Collection entries>

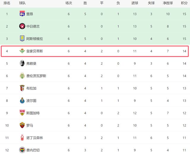 在安东尼的带领下,贝蒂斯如今在欧联杯排名第四,他们牢牢掌握了主动权,只要最后2场比赛对阵塞萨洛尼基和费耶诺德,贝蒂斯能够全取6分,就肯定能直接晋级淘汰赛。从目前的状态和绝对实力来看,贝蒂斯出线理应不存在问题。事实上,他们本赛季的目标,是冲击欧联杯冠军。如今贝蒂斯兵强马壮,他们有足够的实力与里昂和维拉等强队争冠。
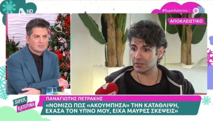 Ο Παναγιώτης Πετράκης φιλοξενήθηκε στην εκπομπή "Super Κατερίνα" και μίλησε για την αλωπεκίαση που έπαθε εξαιτίας έντονου άγχους, ενώ αναφέρθηκε και στη συνεργασία του με τον Γιώργο Κιμούλη.
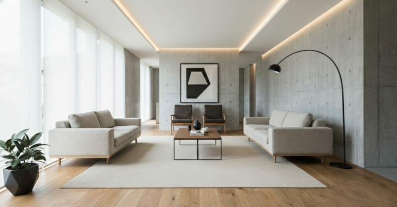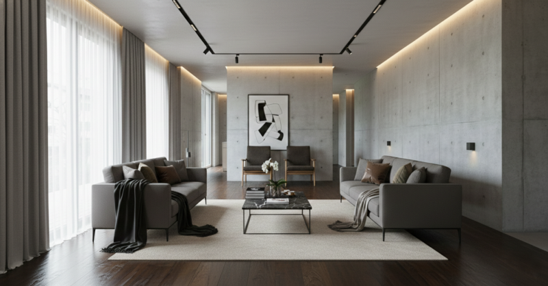 - デザインの意図: ダークトーンのフローリングに、重厚感のあるグレーのソファを対面配置。コンクリートの質感に、温かみのある間接照明が柔らかな陰影を落とし、空間に奥行きと品格を与えます。
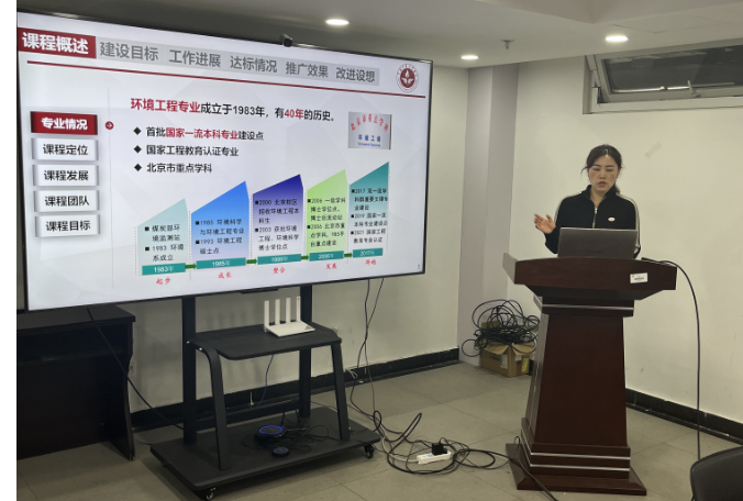 侯嫔介绍重点项目《水处理工程2(双语)线上线下混合式一流课程建设》的建设情况
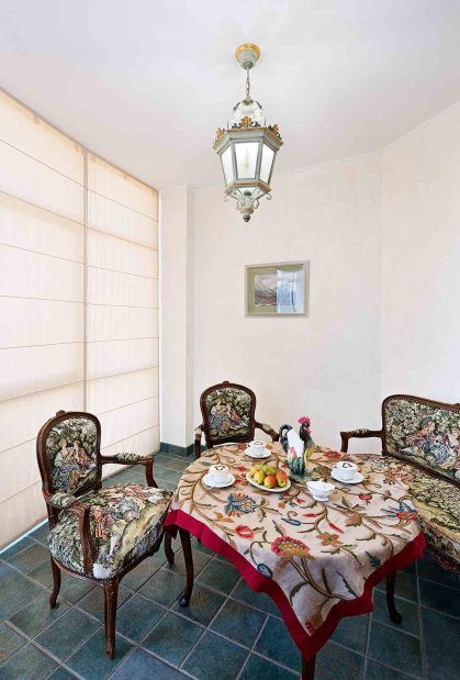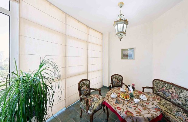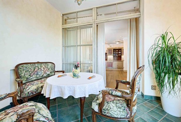 Дизайнер, Антон Манишин, использовал резную мебель с узорчатой обивкой, которая создает строгий, дорогостоящий интерьер.
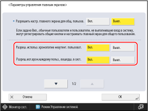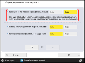 Установите для этого параметра значение [Вкл.], чтобы разрешить пользователям, не являющимся администраторами, добавлять общие кнопки и вносить изменения в параметры [Настроить для общ. пользов.].
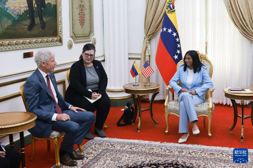 新華社加拉加斯2月11日電(記者田睿)委內(nèi)瑞拉代總統(tǒng)德爾西·羅德里格斯11日在加拉加斯總統(tǒng)府會見美國能源部長克里斯·賴特。

Brief>
Nothing but the lines from the one holding "Ο Παναγιώτης Πετράκης" through the final line of the records above belongs in the answer, each retyped exactly; omit the pictures.

Problem solution>
 Ο Παναγιώτης Πετράκης φιλοξενήθηκε στην εκπομπή "Super Κατερίνα" και μίλησε για την αλωπεκίαση που έπαθε εξαιτίας έντονου άγχους, ενώ αναφέρθηκε και στη συνεργασία του με τον Γιώργο Κιμούλη.
 - デザインの意図: ダークトーンのフローリングに、重厚感のあるグレーのソファを対面配置。コンクリートの質感に、温かみのある間接照明が柔らかな陰影を落とし、空間に奥行きと品格を与えます。
 侯嫔介绍重点项目《水处理工程2(双语)线上线下混合式一流课程建设》的建设情况
 Дизайнер, Антон Манишин, использовал резную мебель с узорчатой обивкой, которая создает строгий, дорогостоящий интерьер.
 Установите для этого параметра значение [Вкл.], чтобы разрешить пользователям, не являющимся администраторами, добавлять общие кнопки и вносить изменения в параметры [Настроить для общ. пользов.].
 新華社加拉加斯2月11日電(記者田睿)委內(nèi)瑞拉代總統(tǒng)德爾西·羅德里格斯11日在加拉加斯總統(tǒng)府會見美國能源部長克里斯·賴特。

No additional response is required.